Queda, ahora, entender el porqué de la absolución. Debe quedar claro que el Tribunal Oral consideró que no hay delito que investigar. El código entrega esta ventana cuando se dan algunos de los tres supuestos: que aparezcan pruebas que conviertan generen certezas respecto de la inocencia del imputado; que haya una ley penal más benigna o que se extinga la acción por alguna causa como la muerte. Nada de eso sucede en este proceso.
A diario se escucha que no hay culpables por delitos asociados a la corrupción; que nadie paga ni es condenado. Sin embargo, aquella verdad oculta otro concepto que golpea la institucionalidad: la falta de culpables implica, también, la falta de inocentes. Se consagra de esta manera el estado de sospecha general, construido con paciencia de orfebre por el más rancio kirchnerismo cuando instaló el descrédito a la Justicia, la denostación de sus decisiones y la denigración de los hechos.
Hay un elemento más. El kirchnerismo se encuentra parado frente a una enorme paradoja: necesita que la sociedad considere justa una sentencia emanada de una Justicia a cuyo descrédito este grupo aportó como nadie. El problema es que el Poder Judicial, clave para la vida democrática, ha sido dinamitado en su estructura cimental desde hace años por cañonazos surgidos desde sus las filas del oficialismo.
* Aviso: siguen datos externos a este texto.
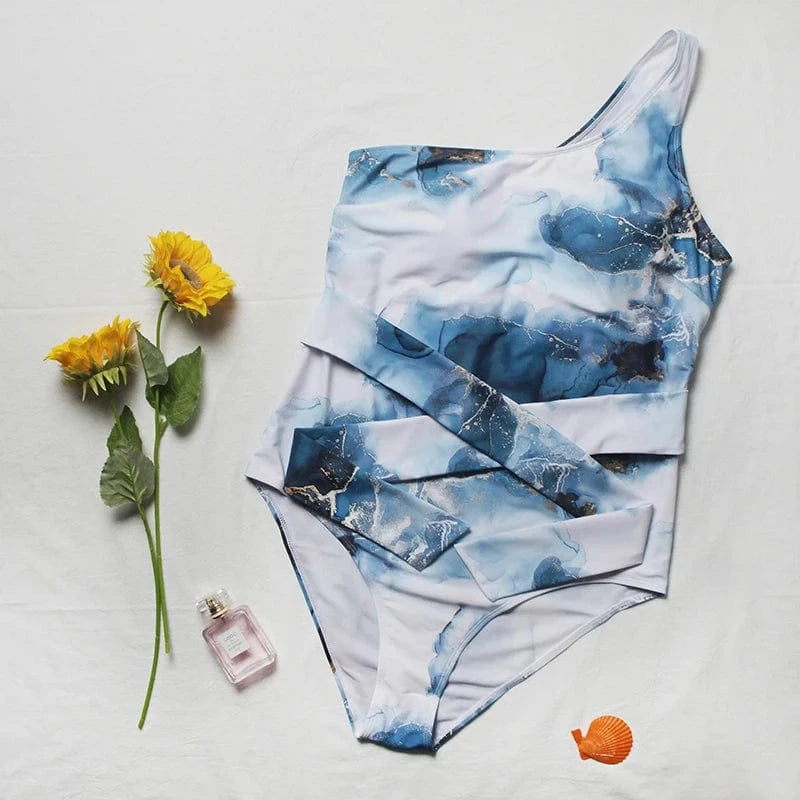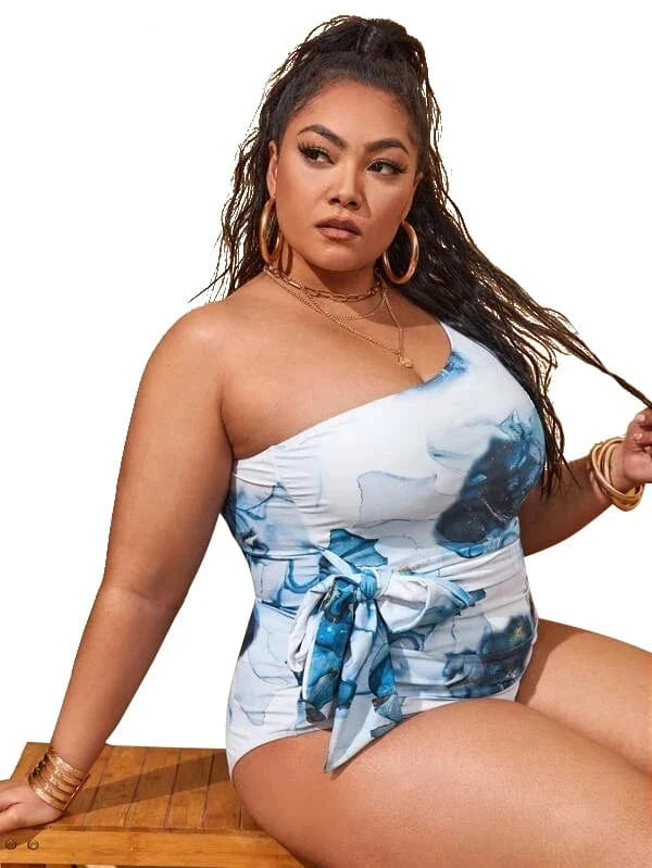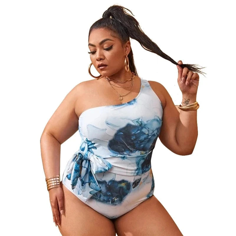 2022 New Design One Piece Swimsuit Plus Size Single Shoulder Swimwear 4x Bow Tie High Cut Leg Printed Beachwear for Fat Women

Se demolió la credibilidad de muchos de sus integrantes. ¿Cómo lograr que esas palabras de sentencia de apuro ahora sean respetadas por una sociedad hastiada?
El kirchnerismo practicó un juego nocivo: “Todo lo que no se pueda conquistar se demoniza”. Justamente la Justicia está en ese lugar en el que la colocó gran parte de la clase política. Pero ahora ese poder demonizador necesita de la credibilidad de una de sus víctimas, los jueces y los fiscales, para despejar las dudas.
En un estudio sobre el Mecanismo de Seguimiento de la Implementación de la Convención Interamericana contra la Corrupción (Mesisic) de la Organización de los Estados Americanos (OEA), que en el país lo realizó el Foro de Estudios sobre la Administración de Justicia (Fores), se avanzó sobre este tema: “La Argentina vive un sistema disfuncional donde la realidad no corresponde con el mundo del derecho. El país tiene serios problemas de implementación de las normas anticorrupción -dicen las primeras letras del trabajo-.Tiene un sistema normativo muy aceptable para combatir y reprimir la corrupción. Pero no se cumple. En realidad, parecería que ha construido un sistema funcional a la corrupción, sea en forma deliberada, sea por omisiones o negligencias”.
La sociedad está exhausta y empieza a tomar cuerpo una realidad: no ha sido provechosa la vida de varios denunciantes de la corrupción. “¿Vale la pena?”, se preguntaba ayer el fiscal Carlos Stornelli en una conversación que mantuvo con otro colega. La palabra ha caído en una ciénaga, al punto que ya ni siquiera hay intenciones de pronunciarla. Y el silencio, se sabe, siempre es la peor solución.